King James Bible Translators
Personal and Family History
William Dakins was born about 1569 in Ashwell, Hertfordshire, a beautiful village located twenty miles southwest of Cambridge. His father was also named William Dakins. The senior Dakins attended Christ's College, Cambridge later serving there as a fellow and dean there before becoming vicar of Ashwell. Of the Translator's immediate family little else is known.
William Jr. left home in 1582 at a young age to go to preparatory school in London where he spent four years. He then began his university career at Cambridge in 1586. He spent much of the rest of his short life there.
It is unclear if William ever married. He died in Cambridge in 1607 at age thirty-eight. His place of burial is unknown at this time.
Young William Dakins enrolled as a student at Westminster School in 1582. Westminster along with Merchant Taylors' School, were the most prominent preparatory schools of England's capital city, London.
He was admitted on scholarship to Trinity College, Cambridge in 1586. He graduated B.A. in 1591 and proceeded M.A. in 1596.
Shortly after receiving his B.A. in 1591, William Dakins was elected as a fellow of his college, Trinity. Eleven years later he was appointed as a Greek lecturer at Trinity, testimony to his expertise in that ancient language and also to his success as a teacher.
His first and only pastoral assignment came in 1603 when he became vicar of Trumpington, an ancient village adjoining Cambridge. He served there until 1605. Leaving the vicarage may well have been occasioned by his involvement in the new translation.
In the fall of 1606 he was appointed junior dean of his alma mater, Trinity College. He served in this position only a few months before dying on 18 February 1607.

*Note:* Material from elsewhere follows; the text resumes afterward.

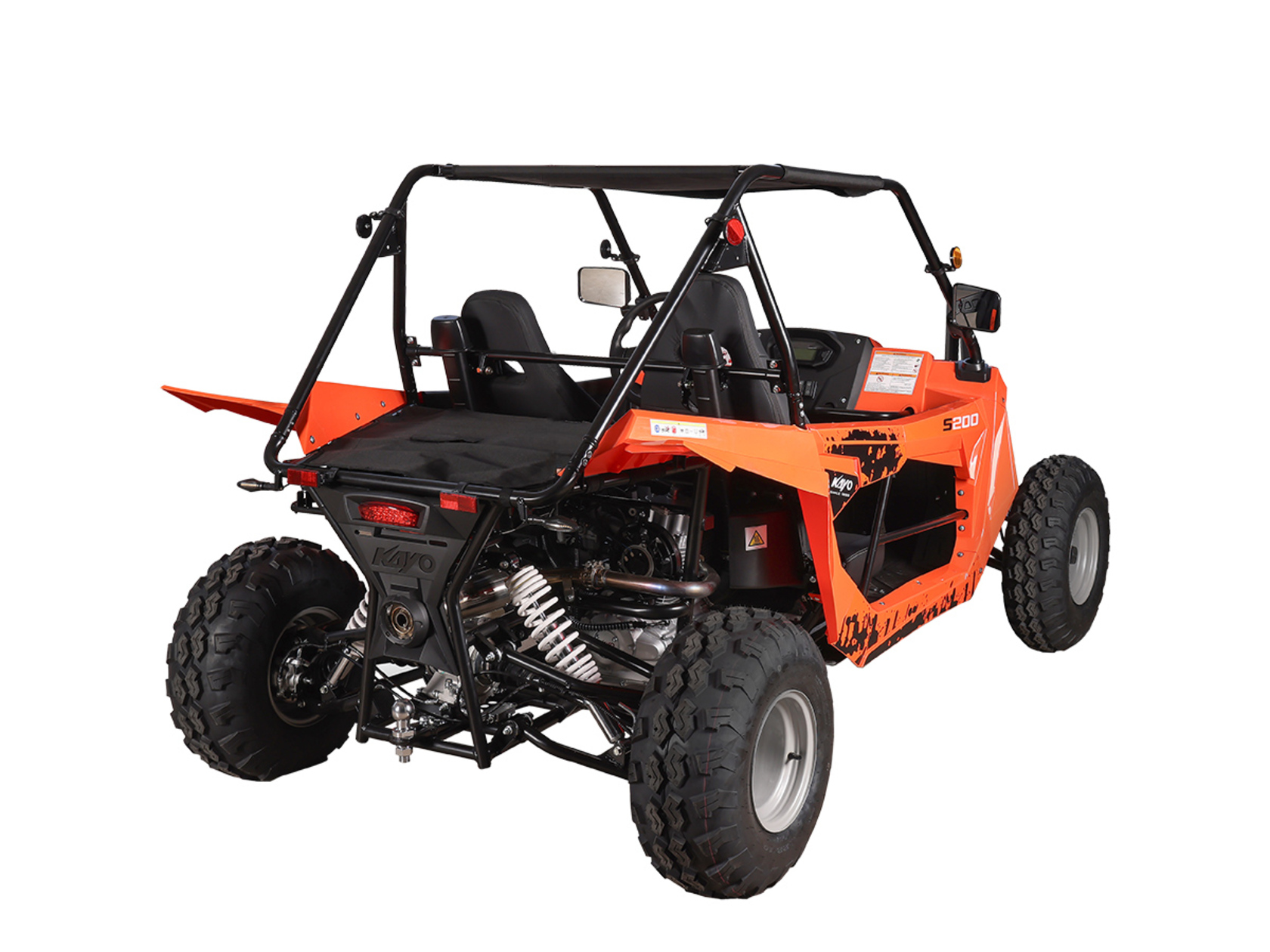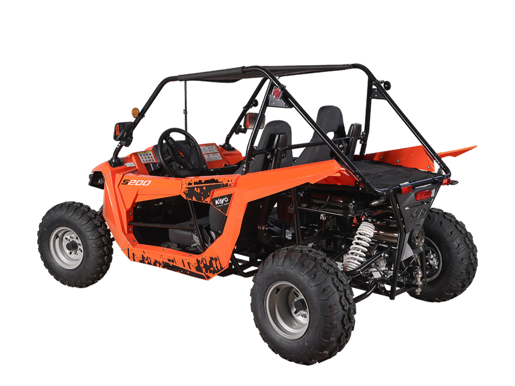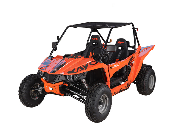 Квадрицикл KAYO S200 (2024 г.) (ПТС) – багги, который сочетает в себе мощность, манёвренность и прочность, что позволяет уверенно ездить по пересечённой местности. Своей способностью справляться с различными препятствиями и условиями, KAYO S200 открывает новые горизонты, делая каждую поездку незабываемой.Багги оснащён одноцилиндровым 4-тактным двигателем LONCIN LX163FML объёмом 196 см³ с электростартером и воздушно-масляным охлаждением. Цилиндр располагается вертикально. Степень сжатия 9.3:1. Двигатель развивает мощность 15 л.с. на 7000 об/мин, а максимальный крутящий момент в 15 Н·м достигается на 5500 об/мин. Передача крутящего момента на задние колёса осуществляется при помощи карданного привода. Максимальная скорость 65 км/ч.За подачу топлива отвечает карбюратор PZ30. Он обеспечивает бесперебойную работу в самых жёстких условиях, прост в обслуживании и неприхотлив к качеству топлива. Объёма бака в 15 литров хватает для длительных поездок. Трансмиссия – клиноременный вариатор с режимами F-N-R.Подвеска собственной разработки KAYO представлена в виде независимых нерегулируемых амортизаторов. Спереди используется подвеска на А-образных рычагах длиной 420 мм с ходом 130 мм. Задние амортизаторы имеет длину 480 мм и ход подвески 150 мм. Такая конструкция позволяет KAYO S200 адаптироваться к неровностям поверхности и обеспечивает плавное и комфортное вождение. Минимальный клиренс в 230 мм позволяет без труда преодолевать препятствия на различных ландшафтах. И даже склоны до 25˚ не станут для багги помехой.На квадрицикл установлены колёса диаметром 10 дюймов, с размерами шин спереди AT22*7.0-10 и сзади AT22*10-10. Покрышки выполнены из высококачественного компаунда и имеют агрессивный рисунок протектора. Они отлично держат дорогу на разных типах покрытий. Гидравлические дисковые тормоза обеспечивают эффективное и безопасное торможение. Ручной тормоз осуществляет фиксацию задней оси.Среди конструктивных особенностей необходимо отметить мощную раму оригинальной разработки, которая обеспечивает прочность и долговечность конструкции. Облицовка багги выполнена из прочного пластика, а крыша из износостойкого мягкого материала. Также имеется электронная приборная панель с информативным ЖК-экраном, обрезиненные рулевое колесо и рычаг ручного тормоза, которые позволят райдеру мгновенно реагировать на изменения дорожных условий и маневрировать в любых ситуациях. KAYO S200 идеально подходит для поездок за город в поисках приключений или для семейного отдыха.За безопасность пассажиров отвечают ремни безопасности с 4-точечной системой, которые застёгиваются посередине спереди. Дополнительно имеется ручка для пассажира, чтобы держаться при сильном наклоне или тряске.Багги имеет паспорт транспортного средства (ПТС) и всё необходимое снаряжение для использования на дорогах общего пользования: фары, сигнальные огни, зеркала заднего вида и звуковой сигнал.Габариты 2517x1487x1446 мм. Высота по седлу 410 мм. Вес 320 кг.

William Dakins and the Translation
William Dakins was unquestionably an outstanding scholar. His special expertise was Greek which explains his appointment to the Second Westminster Company that had responsibility for translating the Epistles of the New Testament. The ancient texts of the Epistles were written largely in Greek, and Dakins' knowledge would have proved invaluable. It is not possible now to know the exact part he played in the translation because he died early in 1607. He wasn't able to see the project through to the end, but the final King James Bible surely bears William Dakins' imprint.
While little is known of the personality of William Dakins, there is much more information about his father for whom he was named. The senior William Dakins, like his son, was a Cambridge graduate, later serving as fellow and dean of his college. However, he left the academic life of the university to become a country parson, serving his parish church of St. Mary's for almost forty years. Upon his death in 1598 a monument was raised to his honor. It read:
William Dakins M.A. vicar of Ashwell, who having lived piously towards God, righteously towards men, and soberly as to self, for seventy five years, died 18th of February 1598-9, and was buried on the 20th.

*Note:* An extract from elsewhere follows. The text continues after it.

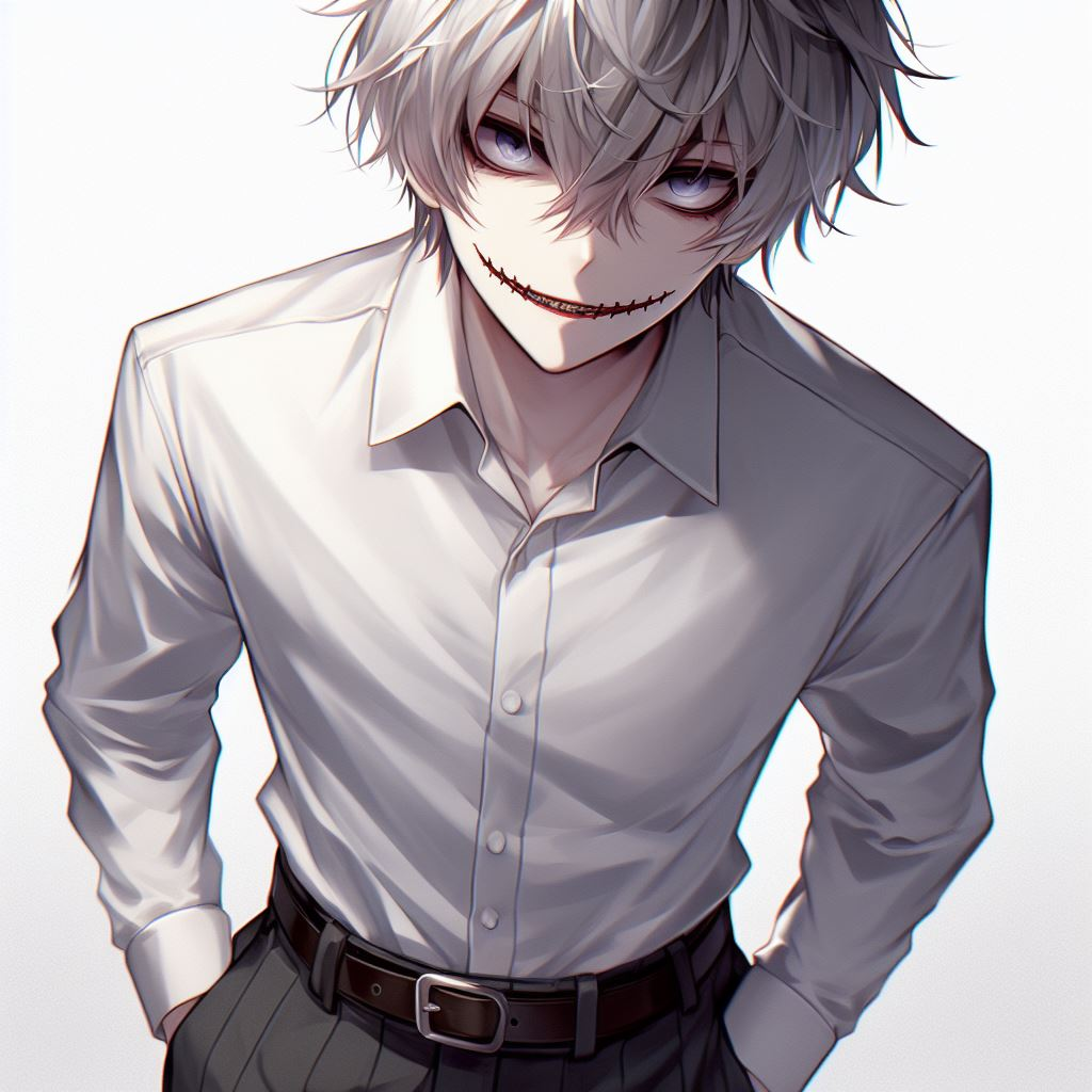 原作通りの白と黒の服装を混じらせ髪形も白髪にして、整った顔立ちにして一見かっこよく見えます。

William Dakins, Jr. was a vicar of Trumpington, Cambridgeshire where fellow Translators Jeremiah Radcliffe and John Overall likewise served. Trumpington's Church of St. Mary and St. Michael is the final resting place of Sir Roger de Trumpington who has laid entombed there since 1289. Sir Roger was a Crusader and Lord of the Manor. His tomb is overlaid with a heroic scale monumental brass that is one of the most famous of the medieval brasses of England.
There has been some question as to the birthplace of William Dakins and whether he was the Ashwell vicar's son. This question was recently resolved when Ashwell historian, David Short, located the vicar's will which makes clear he did indeed have a son, his namesake, William.